I have a bit of code in a workflow where I'd like to get the attributes to a function
the expression is this
let! accounts = _accounts()
and in my bind I have this
member this.Bind(x,f) =
let attributes =
f.GetType()
.GetCustomAttributes(typeof<myattribute>,false)
The idea is to get the attributes of the function _accounts(). However f represents the countinuation rather than _accounts and so anyway I can get the attributes of the called function?
I'd take one step back - first, you need to figure out what is the computation that you want to model. Based on what you said, you could keep a result with a list of some audit log information:
type Audited<'T> =
{ Log : string list
Result : 'T }
The standard basic computation builder would just create empty log in Return and Bind would simply concatenate the logs:
type AuditBuilder() =
member x.Return(v) = { Log = []; Result = v }
member x.Bind(c, f) =
let fr = f c.Result
{ fr with Log = c.Log @ fr.Log }
let audit = AuditBuilder()
You could really just use this, provided that your accounts function would return a correct Audited<'T> value:
let accounts () =
{ Result = 40
Log = ["accounts"] }
let stocks () =
{ Result = 2
Log = ["stocks"] }
audit {
let! a = accounts()
let! s = stocks()
return a + s }
Now, the question is, can we make this a bit nicer, so that accounts() does not have to be special function. You could do this in various ways - but it's more of a question about creating Audited<'T> values now!

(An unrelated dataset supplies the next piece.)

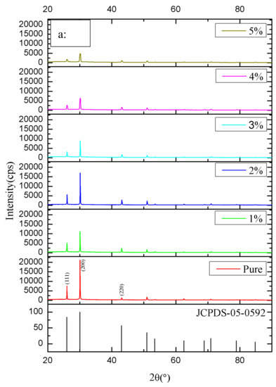 where n = 1, λ = 1.54056 is the wavelength of the X-ray, and θ is the diffraction angle. We observed that the calculated plane spacing value and the lattice constant match the card JCPDS: 05-0592. The calculated interplanar spacing and lattice constant decreased with increased Cr doping, which may be due to lattice compression caused by crystallization and stress.

One way to do something like this would be to pass quotation to Bind. A very basic and simple implementation looks like this:
let plain () = 123
open Microsoft.FSharp.Quotations
type AuditBuilder with
member x.Bind(e:Expr<'T>, f:'T -> _) =
match e with
| Patterns.Call(None, mi, []) ->
let r = f (mi.Invoke(null, [| |]) :?> 'T)
{ r with Log = r.Log @ [mi.Name] }
| _ -> failwith "invalid"
This adds an overloaded Bind that lets you "call" a quoted function, but it automatically extracts the name:
audit {
let! p = <@ plain() @>
return p }
This still needs the quotation - I guess you could experiment with other ways of doing this - but the key idea is that you have a basic computation, which really defines what the structure is.